# In-Distribution Interventions for Root Cause Analysis.

| [Accepted at ICLR 25](https://openreview.net/forum?id=l11DZY5Nxu&referrer=%5Bthe%20profile%20of%20Lokesh%20Nagalapatti%5D(%2Fprofile%3Fid%3D~Lokesh_Nagalapatti1)).  

# Code

All our code is implemented within the [Petshop library](https://github.com/amazon-science/petshop-root-cause-analysis) for Root Cause Diagnosis.

Please install the packages in the file: [requirements.txt](requirements.txt)

---

## IDI Code

IDI code is available in [idint.py](methods/idint.py)
The code for IDI method in CF mode is available in [oodcf.py](methods/oodcf.py)

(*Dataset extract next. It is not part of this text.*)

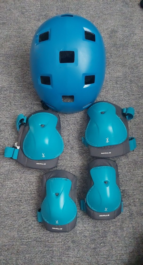 Mavi renkte, cırtcırtlı bantlara sahip çocuk kaskı ve diz dirsek pedleri, sağlam plastikten üretilmiştir. ️ xs beden olarak geçiyor. koruyucular neredeyse hiç kullanılmadı. Kaskı da daha çok evde oyun oynarken taktı diyebilirim. Dışarı da bir kaç kez kullandık sadece

The only code change between these two methods is:
```python
if cf_rca == False:
    int_samples = interventional_samples(
        causal_model=learned_scm,
        interventions=int_dict,
        observed_data=abnormal_metrics,
    )
else:
    int_samples = counterfactual_samples(
        causal_model=learned_scm,
        interventions=int_dict,
        observed_data=abnormal_metrics,
    )
```

Whether we use int, or CF for assessing the causal effect of fix at $X_n$ 



---

We provide additional implementation for `smooth traversal`, and `toca`.

---

# Toy Experiments

We provide the implementation for the toy experiments in the following Jupiter notebooks.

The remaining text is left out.